Similarly, by leveraging distributed ledger technology, DeFi enables ecosystem players to innovate and contribute to industry development at an exponential rate.
Decentralized finance will increasingly be embedded within our financial systems, financializing all assets and putting control directly in the hands of their owners.
By tokenizing and financializing assets that were previously not recognized by traditional institutions, DeFi can unlock areas untapped by “traditional finance” (TradFi). Newer concepts such as fungibility—the interchangeability of a property with other assets of the same kind—have showcased their utilities in a variety of transactions, including loan collateralization and margin trading.
The evolution of DeFi has thus led to the proliferation of a whole new class of financial assets outside the realm of TradFi, resulting in a significantly wider range of related financial activities that adds value to existing financial systems. In other words, DeFi will eventually lead to the “financialization of everything,” a term describing DeFi’s ability to ascribe financial rights to a much broader range of assets and activities.
At the moment, DeFi’s adoption varies across geographies, where countries with weaker financial infrastructures and looser regulations are more open to the industry. These markets have greater incentives to improve their financial systems, and DeFi can add value by removing structural constraints within legacy infrastructures and introducing new asset types. In the Philippines for example, the number of bank account holders grew substantially after more people had opened MetaMask digital wallets over the past year.
Meanwhile, developed economies such as Singapore have also recognized DeFi’s great potential. The Monetary Authority of Singapore recently launched a collaboration with the finance industry to further study the application of asset tokenization and DeFi. This is a strong indication of institutional buy-in, which is critical in supporting DeFi’s next phase of growth.

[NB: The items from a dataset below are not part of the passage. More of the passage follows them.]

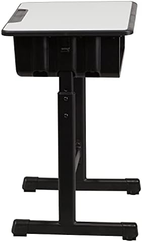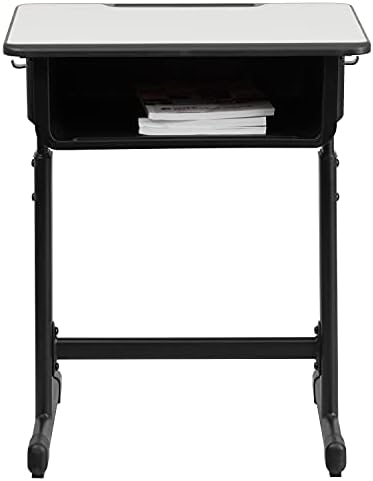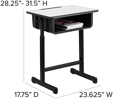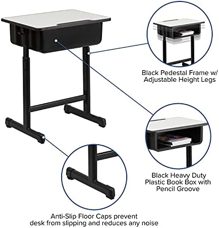 Amplify any classroom or workspace with the functional convenience of the Flash Furniture Billie Student Desk. This classroom desk makes for the perfect addition to any classroom for students from elementary through high school, a dedicated workspace for homework, or a home school desk for remote classes. Great for hardworking students of all sizes, the school desk is designed with height-adjustable legs to fit the needs of each student, and the legs feature floor caps that prevent the desk from wobbling on uneven flooring. The classic open front desk features a 0.75″ thick high-pressure laminate top, offering plenty of room for your students to spread out their assignments, open textbooks, and write or draw. Under the desktop, a spacious, heavy-duty metal book box provides ample storage space for students to tuck away their books, writing utensils, papers, and other school supplies or personal belongings. The black pedestal frame features dual book bag hooks that provide the perfect place to store backpacks and coats. This portable classroom desk measures 23.625″ W x 17.75″ D x 28.25-31.5″ H, providing the perfect amount of work space while fitting neatly in any classroom or workspace.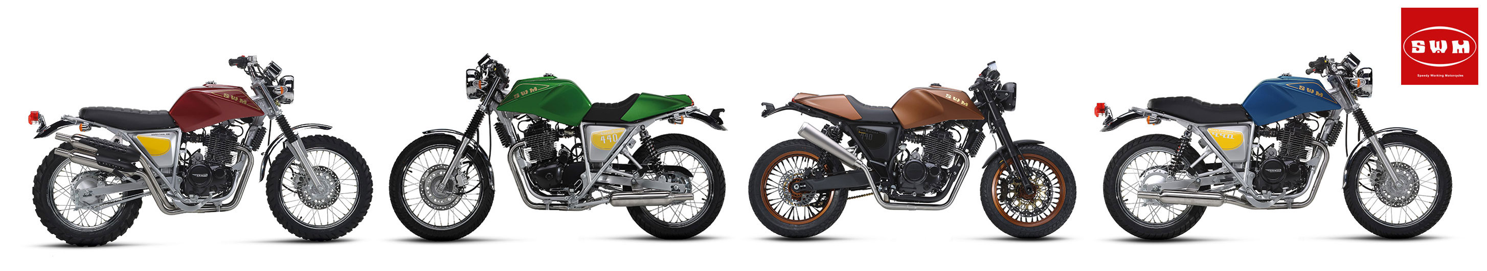 Established in the late 90s, Shineray (as in ‘Shine-Ray not ‘Shiner-ay’ if the company motto above is any guide) are one of the Chinese marques said to specialise in trail and off-road machines. In 2014 they bought the Italian SWM name, last heard of in the 1970s. Around the same time Shineray also acquired an old factory off KTM in Italy with a batch of Husky models. That SWM Superdual on the left uses the old 600-cc Husky TE630 engine, but in the flesh was not so inspiring. Shineray/SWM have since diversified into SUVs.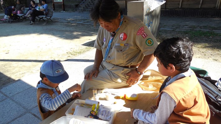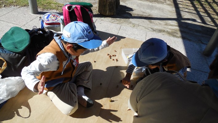 途中で拾ってきたドングリでドングリコマ作りに挑戦。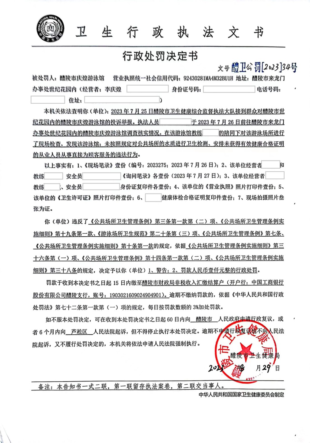 醴卫公罚[2023]34号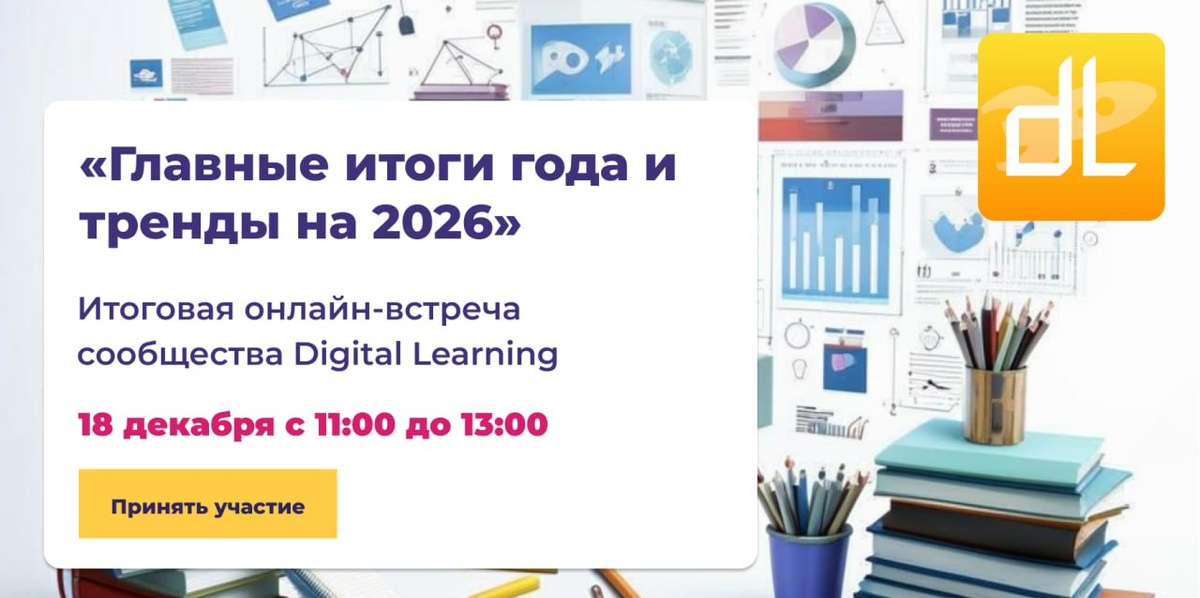 Друзья! 🚀 🏃♂️ Главное профессиональное сообщество про современное обучение подводит итоги года и смотрит в будущее: лучшие практики, ключевые тренды, вызовы, изменения, инструменты, находки. ✅ 18 декабря в 11:00 приглашаем вас на итоговую онлайн-встречу сообщества Digital Learning! Обсудим с лидерами отрасли главные итоги уходящего года и планы на 2026: - Что ИИ уже сделал со сферой обучения и что ещё сделает — главные итоги, выводы, тренды и антитренды 2025 года? - Главные драйверы развития сферы обучения в 2025? - Основные барьеры для сферы обучения? - Лучшие кейсы, инсайты и практики 2025? - Что показала Премия Digital Learning 2025? - Ключевые планы на 2026? - Главные тренды в обучении на 2026? На эти и другие вопросы ответят наши эксперты: - Оксана Фетисова, Заместитель вице-президента по персоналу и образовательным проектам VK (*) - Валерий Леонтьев, CEO Лабмедиа - Сергей Замараев, CEO Courseditor - Татьяна Галкина, Директор Академии iSpring - Павел Безяев, Лидер сообщес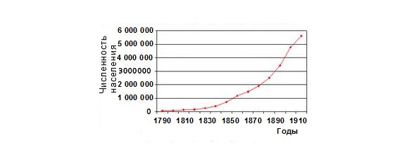 Рисунок 3. График роста населения Нью-Йорка 1790—1920 (статистика и прогноз), 1890 год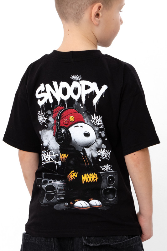 Принт виконаний у сучасному стилі streetwear, який особливо популярний серед молоді та дітей шкільного віку. Така футболка неодмінно сподобається хлопцям, які цікавляться музикою, технологіями або просто хочуть виглядати круто.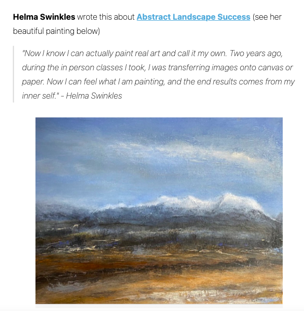 If you would like a hands-on step by step strategy to paint more abstractly you will absolutely love Abstract Landscape Success.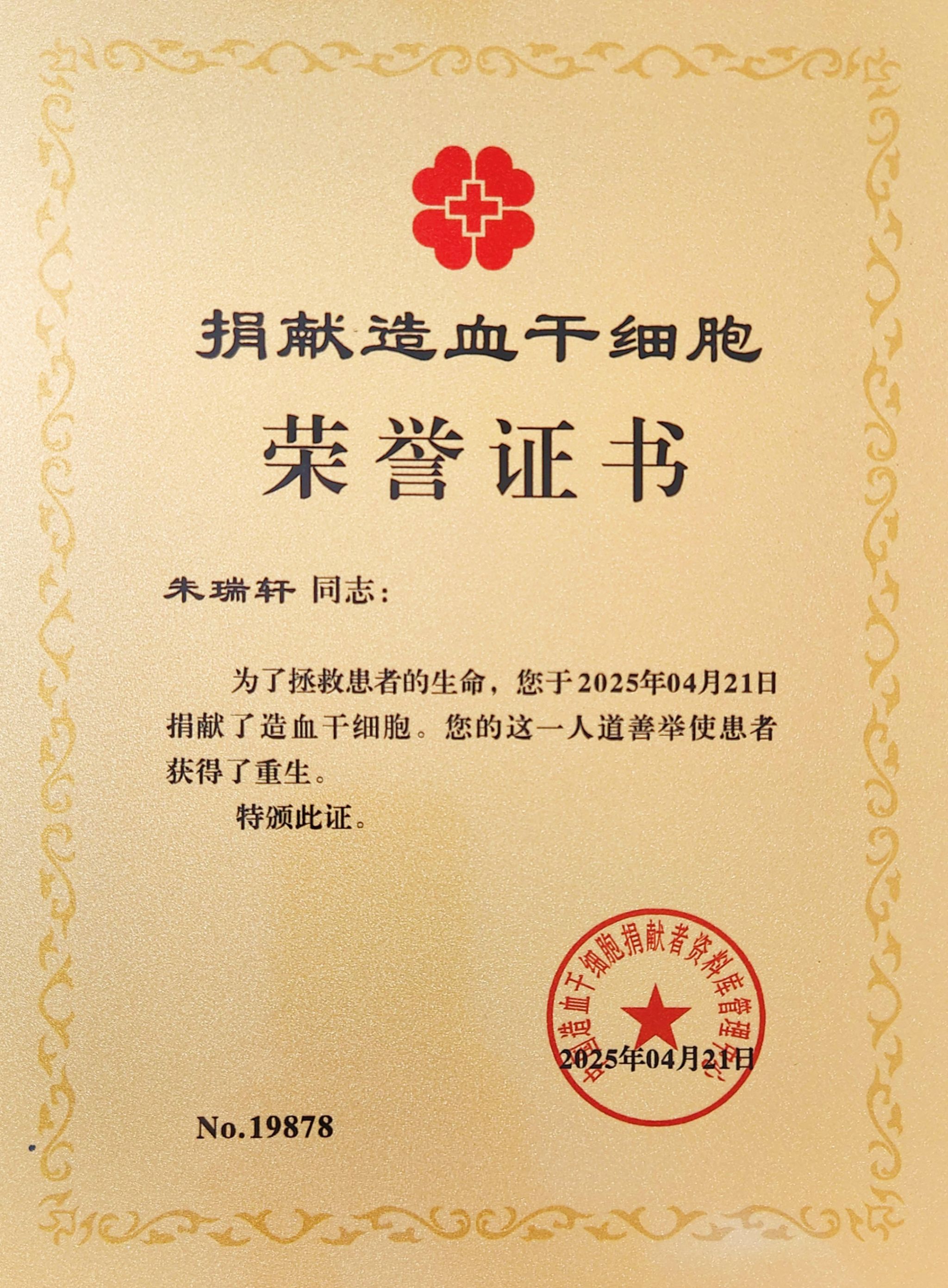 beat365首例!朱瑞轩同学成功捐献造血干细胞

As with all new technologies, DeFi is still in a nascent stage, with its own growing pains. For one, most DeFi interfaces are not user-friendly, and it is hard to explain the technology to a layperson, especially in disadvantaged communities who have been excluded from the legacy financial system.
To overcome these barriers, DeFi needs an intermediate layer that allows users to navigate its applications seamlessly, similar to how we use a mobile app. The next wave of innovation in the space will therefore focus on user experience, which will be key to driving mass adoption. Bearing in mind the recent hacks in the space, it would also be vital to rebuild investor confidence by way of risk management and transparency. At the moment, very few players in the market can fulfill both the user-centricity and governance requirements, as this would entail them making complex products convenient, safe, and easy to use.
However, as the technology matures, DeFi will increasingly be embedded within our financial systems, financializing all assets and putting control directly in the hands of their owners. While we can’t say for sure exactly how DeFi will take shape, it certainly has the potential to become the force that champions financial inclusion for all and ushers in a far more equitable world.